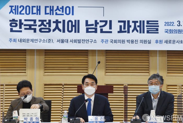[서울=뉴스핌] 최상수 기자 = 더불어민주당 박용진 의원실 주최로 16일 서울 여의도 국회에서 열린 ‘제20대 대선이 한국정치에 남긴 과제들’ 토론회에서 박 의원(가운데)이 인사말을 하고 있다. 2022.03.16 kilroy023@newspim.com
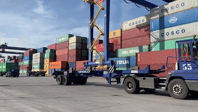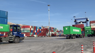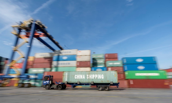 一辆辆集装箱式半挂车、码头叉车穿梭往来,有条不紊地装卸货物。现代化的比雷埃夫斯集装箱码头繁忙有序。
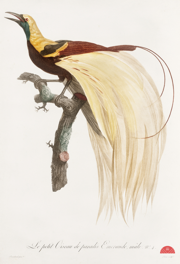 Young emperor bird-of-paradise male from Histoire Naturelle des Oiseaux de Paradis et Des Rolliers 1806 by Jacques Barraband 1767-1809.
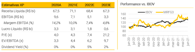 Como comentamos anteriormente, seguimos otimistas com os resultados da Marfrig no 2T21, sobretudo no que tange à sua geração de caixa. Entendemos que a empresa estaria aproveitando o bom momento para a indústria de carne bovina nos EUA, a qual segue impulsionada pela retomada da demanda no país. Adicionalmente, entendemos que a empresa vem se destacando positivamente no que tange às suas iniciativas ESG, sobretudo no campo Ambiental, com propostas de melhorias na rastreabilidade da cadeia pecuária, o que poderia impactar positivamente as ações.

------------------------------------

● **Exercise**
Aside from the pictures, repeat the listing exactly.

● **Reply to the task**
[서울=뉴스핌] 최상수 기자 = 더불어민주당 박용진 의원실 주최로 16일 서울 여의도 국회에서 열린 ‘제20대 대선이 한국정치에 남긴 과제들’ 토론회에서 박 의원(가운데)이 인사말을 하고 있다. 2022.03.16 kilroy023@newspim.com
 一辆辆集装箱式半挂车、码头叉车穿梭往来,有条不紊地装卸货物。现代化的比雷埃夫斯集装箱码头繁忙有序。
 Young emperor bird-of-paradise male from Histoire Naturelle des Oiseaux de Paradis et Des Rolliers 1806 by Jacques Barraband 1767-1809.
 Como comentamos anteriormente, seguimos otimistas com os resultados da Marfrig no 2T21, sobretudo no que tange à sua geração de caixa. Entendemos que a empresa estaria aproveitando o bom momento para a indústria de carne bovina nos EUA, a qual segue impulsionada pela retomada da demanda no país. Adicionalmente, entendemos que a empresa vem se destacando positivamente no que tange às suas iniciativas ESG, sobretudo no campo Ambiental, com propostas de melhorias na rastreabilidade da cadeia pecuária, o que poderia impactar positivamente as ações.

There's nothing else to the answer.